Muscle injuries, occurring recreationally as well as in the workplace and home, are among the most common musculoskeletal conditions in the U.S. Satellite cells provide muscle with the potential for regeneration, but for large defects, slow healing and excessive proliferation of fibroblasts frequently results in fibrosis and scarring that can create a mechanical barrier that delays or restricts myofibers from bridging the injury gap. Recent findings have begun to elucidate differences between inflammatory processes that promote muscle repair and regeneration following injury and those that disrupt muscle homeostasis. In light of the multiple demands needed for preventing fibrotic scarring, a multidisciplinary team has been assembled to apply a proactive strategy in which multiple biomolecules are delivered in a site-specific and temporally orchestrated manner to treat different aspects of the inflammatory and wound healing processes.

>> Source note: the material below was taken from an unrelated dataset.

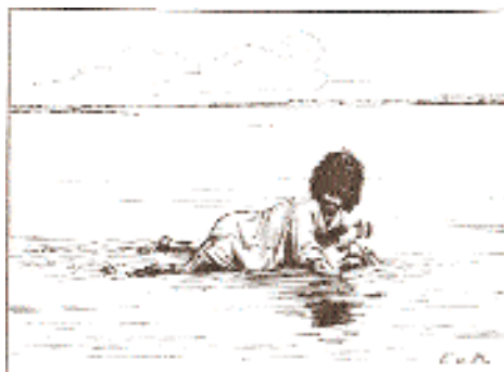
Переправа на бурдюке.

В это время в чайхане снова появился афганский офицер, заходивший ночью, и, увидев всё ту же туркменскую троицу, отчитал их: «Вы ещё не уехали на службу? Убирайтесь отсюда!». «Ослушаться прика-

Aim 1 will develop and characterize a mechanically flexible controlled release system for localized delivery of anti- inflammatory, anti-oxidant, pro-resolution, and anti-fibrotic biomolecules. With respect to this Aim, it is hypothesized that the devices can be tailored to deliver anti-inflammatory, anti-oxidant pro-resolution, and anti-fibrotic molecules with discrete profiles that roughly follow the kineticsof the wound healing process.
Aim 2 will determine the efficacy of controlled, localized, sequential release of anti-inflammatory, anti- oxidant, pro-resolution, and anti-fibrotic components to enhance structural/histological, biochemical, and functional properties in vivo in a rodent skeletal muscle defect model. The working hypothesis is that sequential treatment devices, i.e., materials that resolve inflammation and then prevent fibrosis, will not only enhance muscle regeneration, but these films will be more effective than those releasing only one of the components or that deliver them without regard to the sequence of events during wound healing. Furthermore, the methods may be applicable not only to repair of skeletal muscle defects but also for treatment of many other diseases in which control of inflammation and subsequent wound healing processes is needed.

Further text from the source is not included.